— Work order —
Below are records with pictures in them; print them exactly, omitting the pictures.

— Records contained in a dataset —
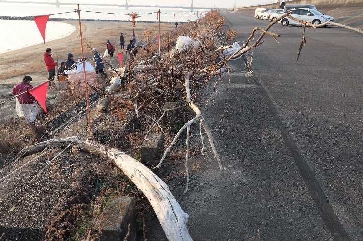 | 活動結果 | 90Lごみ袋7個、葦ごみ等トンパック7個、3t車2台、流木、灌木4t車1台 |
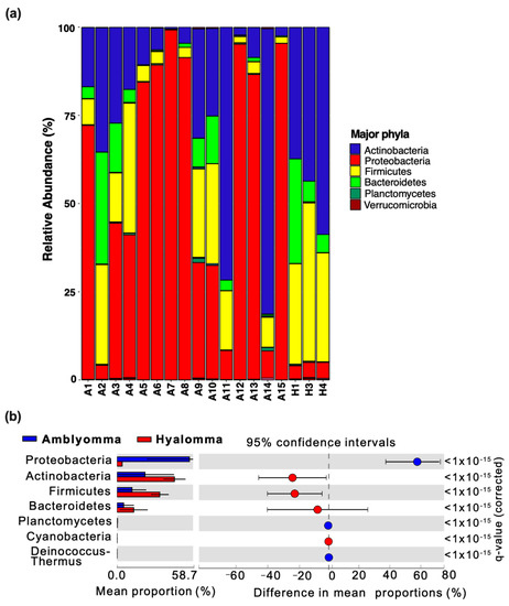 At the phylum level, classified sequence reads revealed four major phyla: Actinobacteria (34.65%), Proteobacteria (31.41%), Firmicutes (23.40%), and Bacteroidetes (9.37%), with the remaining phyla accounting for <1.15% of total abundance (Figure 3a). However, members of phylum Proteobacteria were relatively abundant in Amblyomma, while Actinobacteria, Bacteroidetes, and Firmicutes were dominant taxa in Hyalomma tick species. To further delineate the differences in bacterial community composition and structure, a two-sided t-test statistical analysis coupled with multiple test correction Storey FDR (false discovery rate) at a 95% confidence interval was performed. An extended error plot (Figure 3b) revealed significant differences (q-value < 0.0001) in mean proportions in Amblyomma and Hyalomma bacterial communities at the phylum level. Members of phylum Proteobacteria were significantly enriched in Amblyomma ticks, whereas Firmicutes, Bacteroidetes, and Actinobacteria were the significant taxa in Hyalomma ticks.
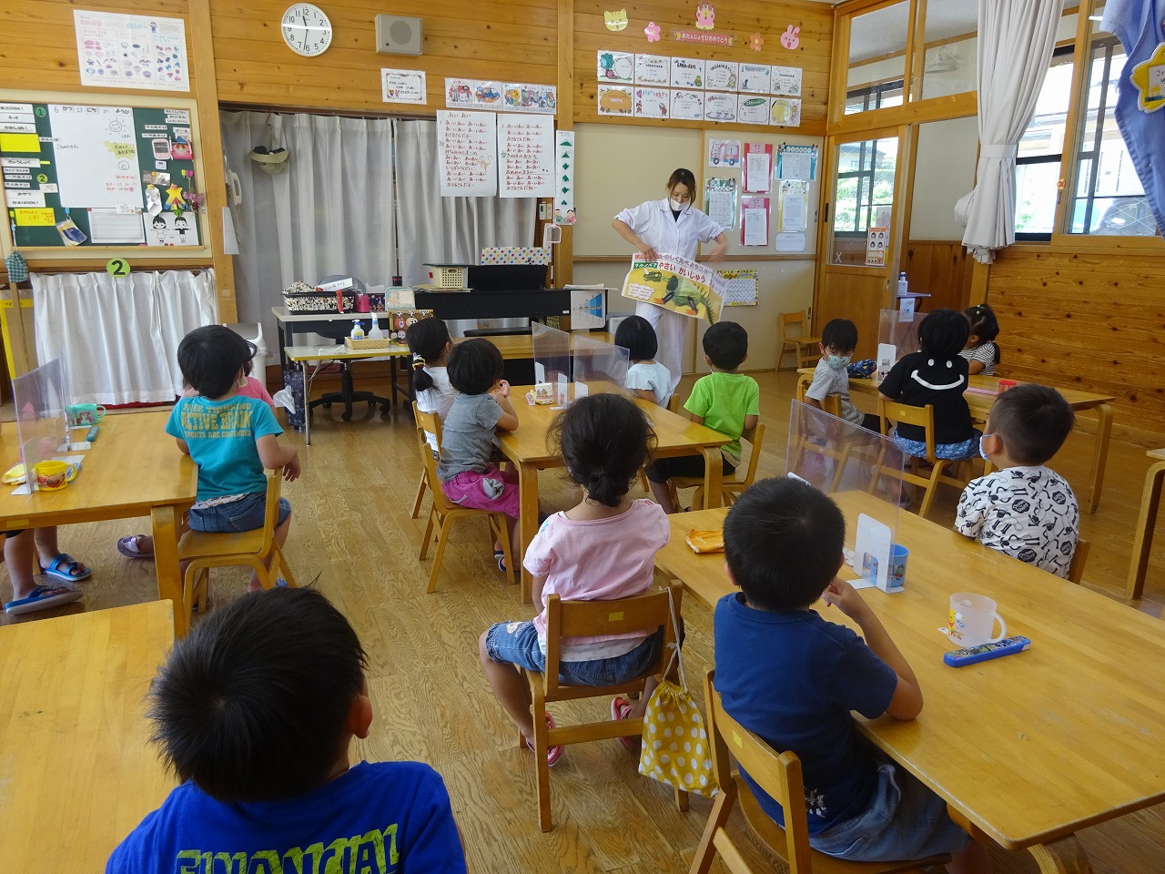 今日は、野菜についてのクイズでした。年少さんは野菜の写真を見て、何の野菜か当てました。年中、年長さんは少し難しく、恐竜の体が野菜で出来ていて、その野菜を当てました。みんな身を乗り出して元気いっぱいに答えていました。
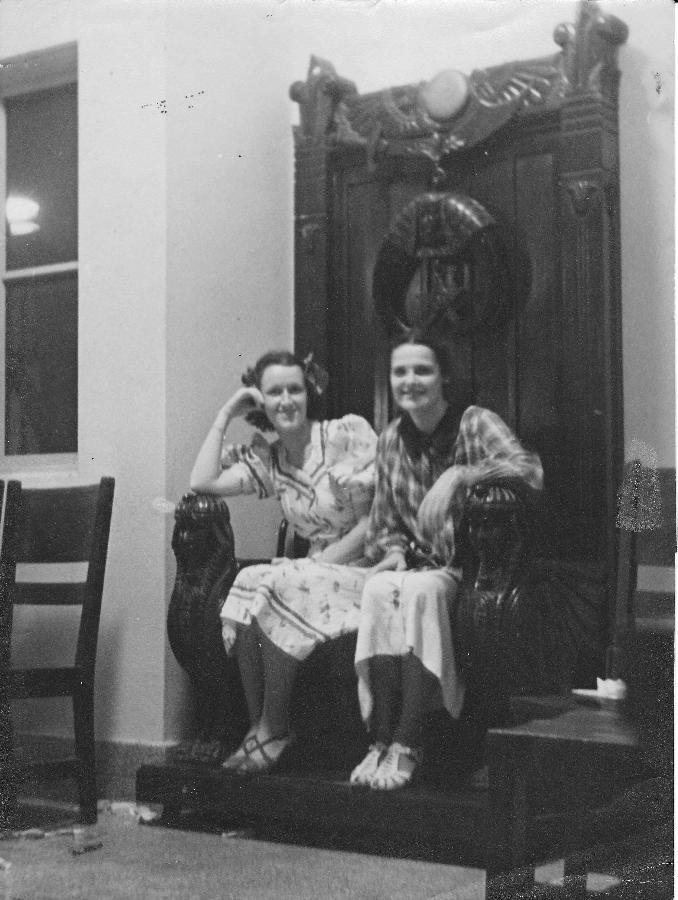 Photograph.7 1/2 x 10 b&w. Photo of two unidentified teen-age girls, sitting in a throne-type chair. Girl on left may be Louise Schmidt. Girl on right is probably Mildred Schmidt.
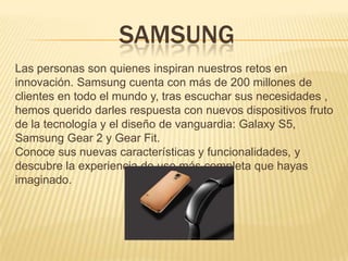 El documento describe el nuevo teléfono Samsung Galaxy S5, destacando sus características principales como una pantalla SuperAMOLED Full HD de 5.1 pulgadas, cámara de 16 megapíxeles, resistencia al agua y al polvo, escáner de huellas dactilares y conectividad WiFi y 4G mantenidas. El Galaxy S5 comenzará a distribuirse a partir del 11 de abril con un precio estimado de $11,000 en la Argentina.
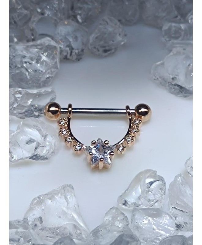 Piercing teton Boucle Anneau etoile Strass Blanc Couleur doré rose cuivre nipple sein boule
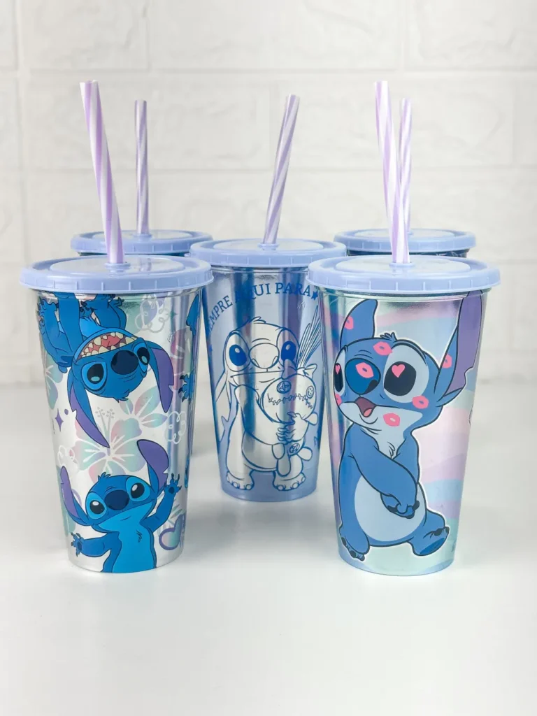 KIT 5 Copos Stitch Com Canudo
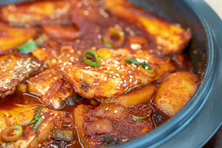 - 감자 1개(슬라이스), 시래기 한 줌, 간장 7큰 술, 맛술 5큰 술, 간 마늘 1큰 술, 육수 3컵(600CC)을 넣고 센 불에서 끓인다
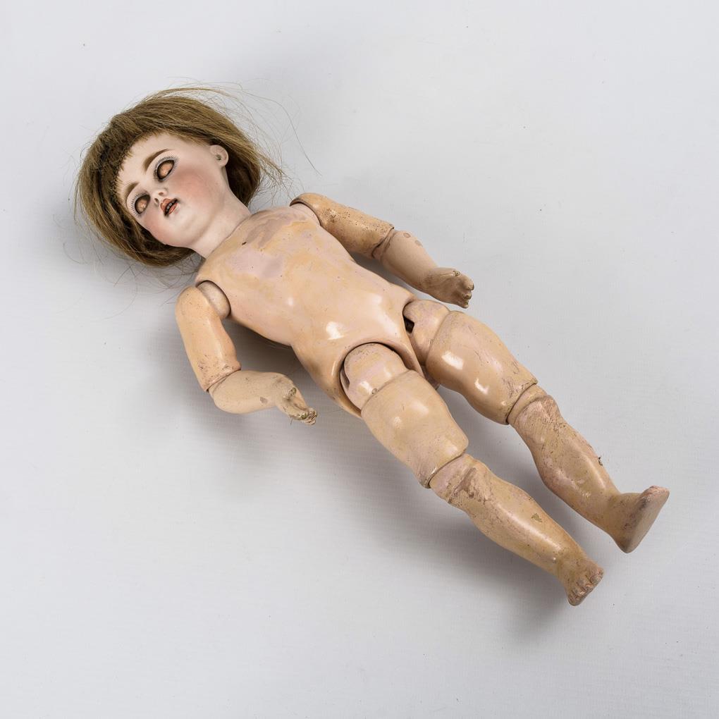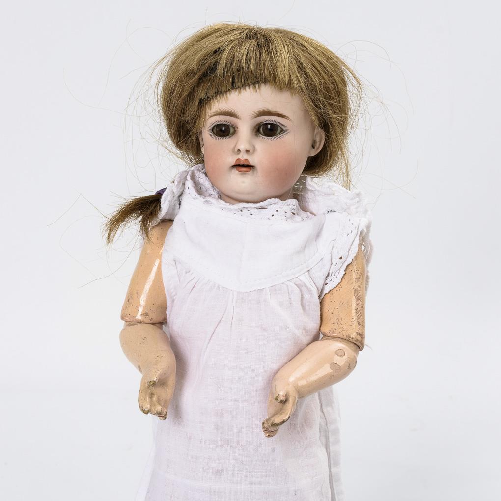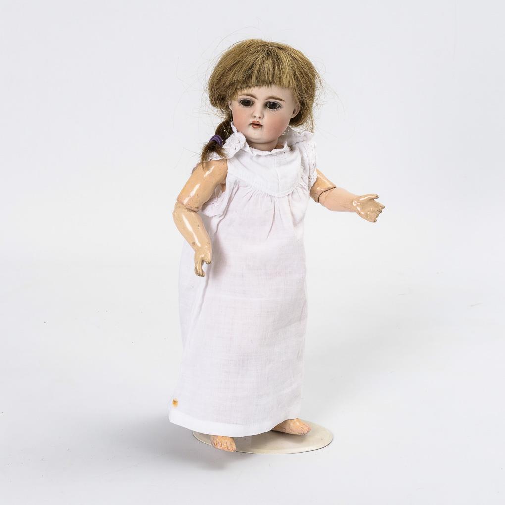 Kurbelkopf, braune Schlafaugen, Ohrlöcher, mittelblonde Echthaarperücke mit Zopf. 11-teiliger Gliederkörper, weißes Nachthemd. Kopf nicht durchleuchtet, jedoch keine Defekte sichtbar. Körper mit kleinen Farbdefekten.

— Written response —
 | 活動結果 | 90Lごみ袋7個、葦ごみ等トンパック7個、3t車2台、流木、灌木4t車1台 |
 At the phylum level, classified sequence reads revealed four major phyla: Actinobacteria (34.65%), Proteobacteria (31.41%), Firmicutes (23.40%), and Bacteroidetes (9.37%), with the remaining phyla accounting for <1.15% of total abundance (Figure 3a). However, members of phylum Proteobacteria were relatively abundant in Amblyomma, while Actinobacteria, Bacteroidetes, and Firmicutes were dominant taxa in Hyalomma tick species. To further delineate the differences in bacterial community composition and structure, a two-sided t-test statistical analysis coupled with multiple test correction Storey FDR (false discovery rate) at a 95% confidence interval was performed. An extended error plot (Figure 3b) revealed significant differences (q-value < 0.0001) in mean proportions in Amblyomma and Hyalomma bacterial communities at the phylum level. Members of phylum Proteobacteria were significantly enriched in Amblyomma ticks, whereas Firmicutes, Bacteroidetes, and Actinobacteria were the significant taxa in Hyalomma ticks.
 今日は、野菜についてのクイズでした。年少さんは野菜の写真を見て、何の野菜か当てました。年中、年長さんは少し難しく、恐竜の体が野菜で出来ていて、その野菜を当てました。みんな身を乗り出して元気いっぱいに答えていました。
 Photograph.7 1/2 x 10 b&w. Photo of two unidentified teen-age girls, sitting in a throne-type chair. Girl on left may be Louise Schmidt. Girl on right is probably Mildred Schmidt.
 El documento describe el nuevo teléfono Samsung Galaxy S5, destacando sus características principales como una pantalla SuperAMOLED Full HD de 5.1 pulgadas, cámara de 16 megapíxeles, resistencia al agua y al polvo, escáner de huellas dactilares y conectividad WiFi y 4G mantenidas. El Galaxy S5 comenzará a distribuirse a partir del 11 de abril con un precio estimado de $11,000 en la Argentina.
 Piercing teton Boucle Anneau etoile Strass Blanc Couleur doré rose cuivre nipple sein boule
 KIT 5 Copos Stitch Com Canudo
 - 감자 1개(슬라이스), 시래기 한 줌, 간장 7큰 술, 맛술 5큰 술, 간 마늘 1큰 술, 육수 3컵(600CC)을 넣고 센 불에서 끓인다
 Kurbelkopf, braune Schlafaugen, Ohrlöcher, mittelblonde Echthaarperücke mit Zopf. 11-teiliger Gliederkörper, weißes Nachthemd. Kopf nicht durchleuchtet, jedoch keine Defekte sichtbar. Körper mit kleinen Farbdefekten.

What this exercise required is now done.